Success rates for large carnivore relocations have increased significantly since before 2007.
How to ensure the success of reintroducing apex predators into their former habitats
Once, not that long ago in biological terms, lynxes prowled for prey in the forests of Britain. By now, however, most of those forests have been felled and the big cats were driven extinct in medieval times.
They don’t have to be gone forever, however. The concept of rewilding envisions the return of animals to environments where they once thrived and the reintroduction of large carnivores like lynxes can go a long way towards restoring at least a degree of biodiversity in countries like the United Kingdom.
Now an international team led by researchers at the University of Oxford’s Department of Biology, Wildlife Conservation Research Unit (WildCRU) and School of Geography and the Environment has the answers as to how best to accomplish this.
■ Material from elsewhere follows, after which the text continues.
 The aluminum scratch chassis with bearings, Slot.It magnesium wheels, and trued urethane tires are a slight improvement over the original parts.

The scientists analysed data from almost 300 animal relocations between 2007 and 2021 across 22 countries on five continents, involving 18 different carnivore species such as bears, hyaenas, big cats and wild dogs. What they have found is that two-thirds of the relocations were successful insofar as the relocated animal survived in the wild for over six months.
“Success rates for large carnivore relocations have increased significantly since before 2007. For wild-born carnivores, success rates increased from 53% pre-2007 to 70%; and for captive-born animals, success rates doubled from 32% in pre-2007 to 64%,” the scientists explain.
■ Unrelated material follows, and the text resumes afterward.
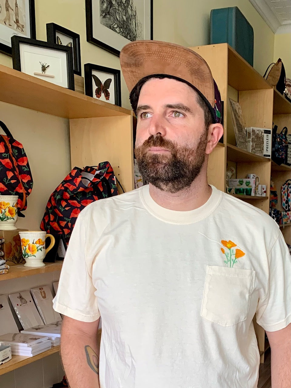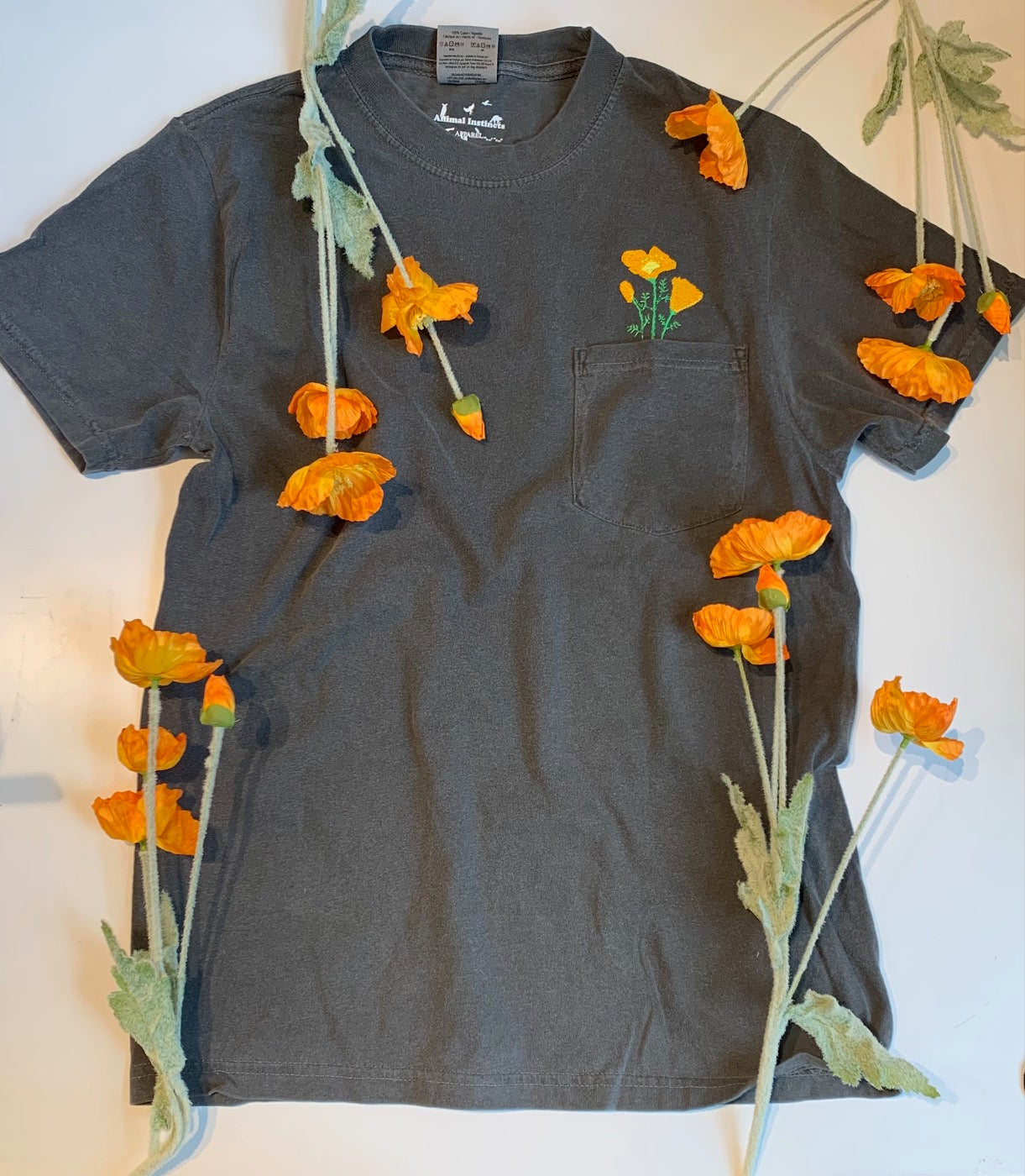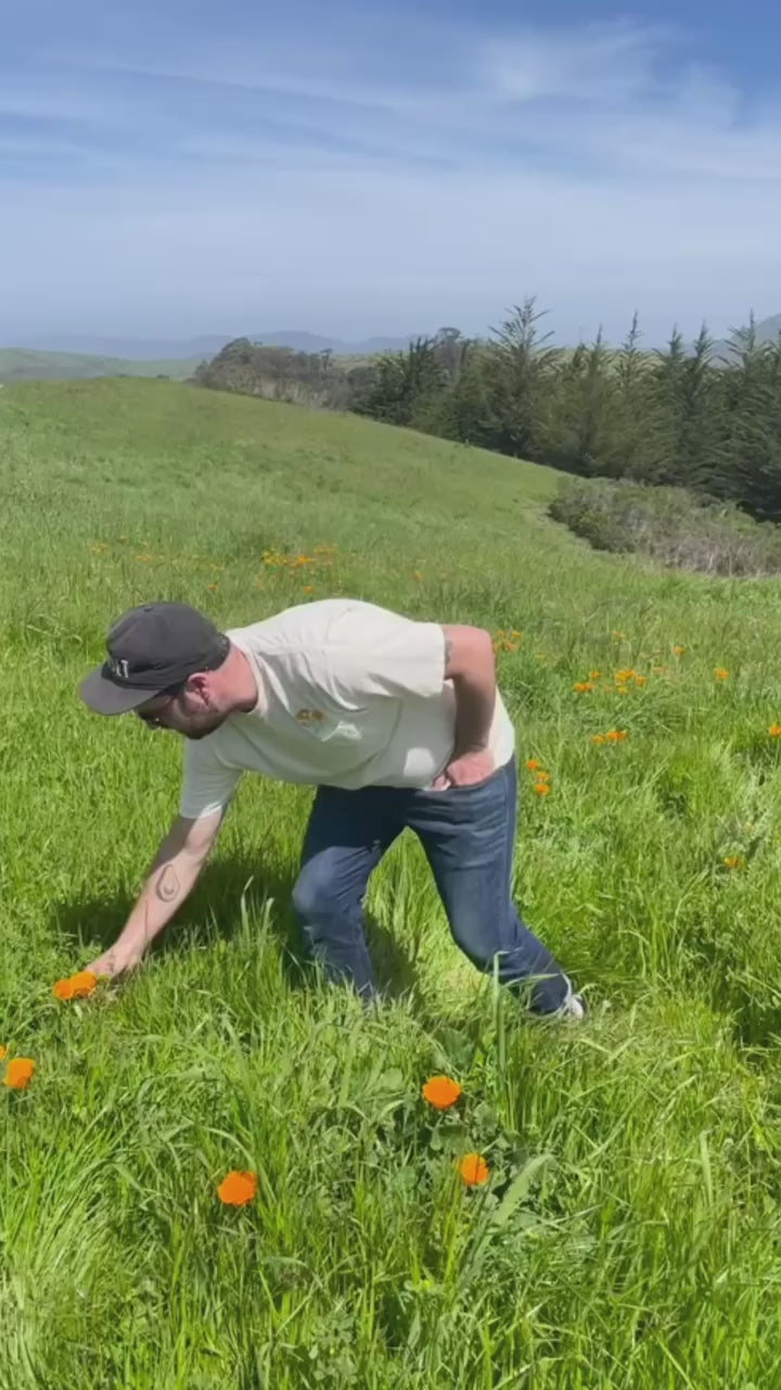 These 100% cotton pocket tees feature my hand-drawn California Poppy embroidery, stitched right here in the shop. Super comfy and made with sustainably grown USA cotton—these are an easy favorite. Unisex (size accordingly).

“The species with the highest success rates included maned wolves, pumas, and ocelots which had a 100% success rate. The species with the lowest success rates (around 50%) were African lions, brown hyenas, cheetahs, Iberian lynx, and wolves.”
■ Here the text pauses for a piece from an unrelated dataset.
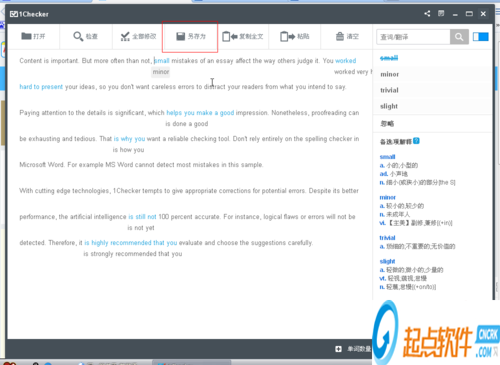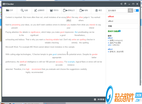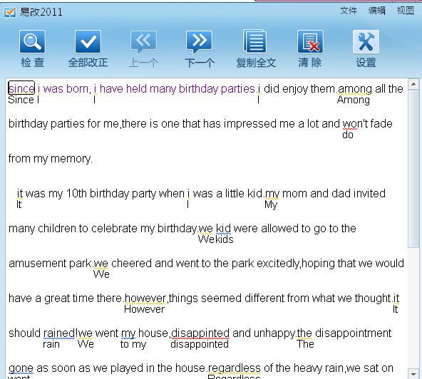 都知道英語寫作在考試比分中占了很大部分,易改英語寫作軟件是全球最領(lǐng)先的英語寫作校對軟件,提供寫作錯(cuò)誤解釋、整句翻譯、雙詞對比等輔助查詢,大大提高我們的英語寫作水平。錯(cuò)誤歷史統(tǒng)計(jì)和錯(cuò)誤詞匯統(tǒng)計(jì)您可以在“用戶中心”欄目內(nèi)的“糾錯(cuò)歷史”中查看您的錯(cuò)誤統(tǒng)計(jì)和詞匯統(tǒng)計(jì)。易改會為您記錄糾錯(cuò)歷史和詞匯水平,以方便您更有針對性地提高英語水平。
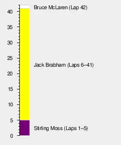 Brabham took the lead from Moss while his teammate McLaren followed in second for most of the race. Midway through, with half the field out due to mechanical problems, Brabham slowed to allow McLaren to close up to him, and Trintignant's Rob Walker Cooper began taking huge bites off their lead, as his pit crew kept him informed of his position.

One way of boosting an animal’s chances of survival in a new environment is to acclimatise it to that environment before it is fully released. Releasing younger animals also increases success rates, probably because they can adapt better behaviourally and are less likely to have developed homing behaviours, the experts note.
“For animals born in captivity, the success rate decreased by 1.5-fold, compared with animals born in the wild. However, just over a third (37%) of the relocated animals were observed to find a mate and/or raise a cub in their new habitat,” they observe.
This relatively low level of mating success shows that rewilding efforts often face challenged, which is why it is particularly important to protect existing habitats.
“In the last 15 years we have become more successful at translocating and reintroducing large carnivores. This allows us to be optimistic for the future of rebuilding damaged ecosystems around the globe, but we must remember that it is always more important to protect large carnivore populations where they are now before we lose them,” says Seth Thomas, of the University of Oxford, who was the lead author of the study.
“Even as we have grown to be more successful, 34% of individual translocations fail and they cannot be seen as a replacement for immediate conservation action to save these populations,” Thomas adds.
As the UK is “one of the most nature-deprived countries in the world” in the words of the experts, reintroducing formerly native apex predators such as wolves and the Eurasian lynx could boost biodiversity, the scientists say.
“As the UN decade of ecosystem restoration gets underway, the ecological need and political appetite for relocations of large carnivores has never been greater, and they have the potential to contribute more now than ever before to biodiversity conservation,” says David Macdonald, a professor at WildCRU.
“By scrutinising the most geographically comprehensive sample of relocated large carnivores to date, our study makes plain to conservationists and policy makers the urgency of improving rewilding efforts.”
However, Alastair Driver, director of the charity Rewilding Britain, cautions that the reintroduction of lynxes to Britain is a relatively distant prospect.
“We still have a long way to go to overcome the misconceptions which dominate societal concerns around sharing our human-dominated landscape with other apex predators, but this report and the successes which it documents, will be hugely valuable in securing a more ‘grown-up’ discussion on the subject,” Driver says.
“I have no doubt that this will, in turn, lead to well-planned and implemented carnivore reintroductions which only 10 years ago, I would have thought inconceivable in my lifetime.”